Earlier this month, Procter and Gamble announced the results of a safety and efficacy study of treatment with Intrinsa, a female testosterone patch. The study showed increased satisfying sexual activity and desire in patients with Hypoactive Desire Sexual Disorder (lack of sexual desire causing a woman personal distress) who previously had both ovaries removed.

Professor John Rust of The Psychometrics Centre worked with other authors (1) to develop an instrument to measure the outcomes of this study. The Profile of Female Sexual Function (PFSF©) went through a stringent process of development:

  • Patients generated a pool of questions which were grouped into wider domains

  • The team tested this material to ensure it was valid, reliable and worked in a number of linguistic/cultural environments

  • Detailed data collection established the final content and form of the instrument (2)

Professor John Rust commented: "Assessment in clinical, educational, health and work settings is becoming increasingly multinational. The PFSF© was trialled in eight countries (3). It highlighted that even simple questions can have multiple, ambiguous and unintended meanings if they are translated directly from one language to another. Unless these problems are corrected, an instrument may be measuring completely different aspects of human experience in different countries. This has huge implications for the adaptation of assessments for different language groups."

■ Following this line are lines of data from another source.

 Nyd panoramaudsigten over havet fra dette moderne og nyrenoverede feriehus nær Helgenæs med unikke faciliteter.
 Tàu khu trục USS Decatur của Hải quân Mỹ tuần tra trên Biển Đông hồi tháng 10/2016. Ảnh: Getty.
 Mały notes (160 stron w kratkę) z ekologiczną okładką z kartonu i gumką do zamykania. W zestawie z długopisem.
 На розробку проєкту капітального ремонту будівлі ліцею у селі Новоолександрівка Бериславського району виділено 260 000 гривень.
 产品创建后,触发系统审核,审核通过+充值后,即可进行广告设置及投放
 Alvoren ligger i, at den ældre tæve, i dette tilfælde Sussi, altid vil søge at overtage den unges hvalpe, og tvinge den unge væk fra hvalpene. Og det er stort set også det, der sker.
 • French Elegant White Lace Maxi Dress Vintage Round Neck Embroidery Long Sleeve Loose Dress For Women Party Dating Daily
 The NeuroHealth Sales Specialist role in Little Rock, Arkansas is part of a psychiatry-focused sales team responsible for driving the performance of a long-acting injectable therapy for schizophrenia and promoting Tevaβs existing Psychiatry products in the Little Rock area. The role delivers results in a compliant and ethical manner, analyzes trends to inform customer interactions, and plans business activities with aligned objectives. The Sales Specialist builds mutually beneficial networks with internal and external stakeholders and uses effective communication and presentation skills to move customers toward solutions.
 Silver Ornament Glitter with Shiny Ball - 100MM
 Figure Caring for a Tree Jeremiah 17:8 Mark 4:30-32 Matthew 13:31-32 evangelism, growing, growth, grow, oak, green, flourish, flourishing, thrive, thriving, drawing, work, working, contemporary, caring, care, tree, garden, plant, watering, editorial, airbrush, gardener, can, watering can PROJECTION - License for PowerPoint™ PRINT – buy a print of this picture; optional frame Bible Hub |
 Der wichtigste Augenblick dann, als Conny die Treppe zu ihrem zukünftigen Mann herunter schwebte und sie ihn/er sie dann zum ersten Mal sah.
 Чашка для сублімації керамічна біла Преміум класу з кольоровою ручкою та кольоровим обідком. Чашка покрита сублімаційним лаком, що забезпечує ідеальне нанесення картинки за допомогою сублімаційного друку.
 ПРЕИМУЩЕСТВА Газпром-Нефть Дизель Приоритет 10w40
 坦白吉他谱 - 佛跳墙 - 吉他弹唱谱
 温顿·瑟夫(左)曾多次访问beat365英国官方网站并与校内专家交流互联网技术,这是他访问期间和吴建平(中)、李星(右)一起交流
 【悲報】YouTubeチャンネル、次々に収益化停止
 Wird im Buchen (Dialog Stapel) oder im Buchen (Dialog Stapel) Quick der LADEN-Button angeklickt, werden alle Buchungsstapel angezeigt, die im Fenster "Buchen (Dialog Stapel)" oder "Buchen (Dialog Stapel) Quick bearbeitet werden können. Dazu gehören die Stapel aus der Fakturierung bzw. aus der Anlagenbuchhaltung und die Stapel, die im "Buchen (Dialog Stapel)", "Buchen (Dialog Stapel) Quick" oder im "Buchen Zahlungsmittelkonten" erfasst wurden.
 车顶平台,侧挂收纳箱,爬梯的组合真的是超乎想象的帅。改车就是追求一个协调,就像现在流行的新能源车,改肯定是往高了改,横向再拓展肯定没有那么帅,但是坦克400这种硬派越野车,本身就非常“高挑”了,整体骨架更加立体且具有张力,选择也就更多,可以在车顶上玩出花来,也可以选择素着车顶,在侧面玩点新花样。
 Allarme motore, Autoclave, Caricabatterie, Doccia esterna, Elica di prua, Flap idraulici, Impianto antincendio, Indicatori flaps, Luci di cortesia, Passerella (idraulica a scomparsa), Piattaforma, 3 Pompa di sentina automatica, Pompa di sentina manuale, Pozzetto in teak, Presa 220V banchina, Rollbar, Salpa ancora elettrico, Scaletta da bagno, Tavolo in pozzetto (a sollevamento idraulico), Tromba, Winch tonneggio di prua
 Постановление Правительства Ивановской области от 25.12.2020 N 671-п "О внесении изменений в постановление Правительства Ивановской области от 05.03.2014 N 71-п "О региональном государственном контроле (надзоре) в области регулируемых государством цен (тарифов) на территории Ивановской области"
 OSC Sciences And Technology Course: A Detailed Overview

Given the sensitive nature of the measurement and its inclusion in a high profile pharmaceutical trial, the project is a ground-breaking example of cross-cultural assessment development. Final results proved that the PFSF© is a sensitive instrument, discriminating between:

  • Low and normal libido in naturally menopausal women
  • Surgically menopausal women with low libido and a control group of women with normal libido
  • The effects of treatment with a testosterone patch in a clinical trial.

There is also a brief version of the PFSF (B-PSFS) designed to enable women to self-diagnosis and seek advise. 

2th May 2004

(1) The authors of the PFSF© are: J Rust and S Golombok, University of Cambridge, UK; L Derogatis, University of Maryland, Baltimore, USA; J Kuznicki and C Rodenberg, Procter & Gamble Pharmaceuticals, Ohio, USA; and C McHorney, Indiana University School of Medicine, Indianapolis, USA.

(2) The final form of the instrument involved 37 items, grouped in 7 domains: sexual desire; arousal; orgasm; sexual pleasure; sexual concerns; sexual responsiveness; sexual self-image.

(3) PFSF© was validated in 8 countries: France ,Germany ,Holland ,Italy ,the UK ,Canada ,the USA and Australia.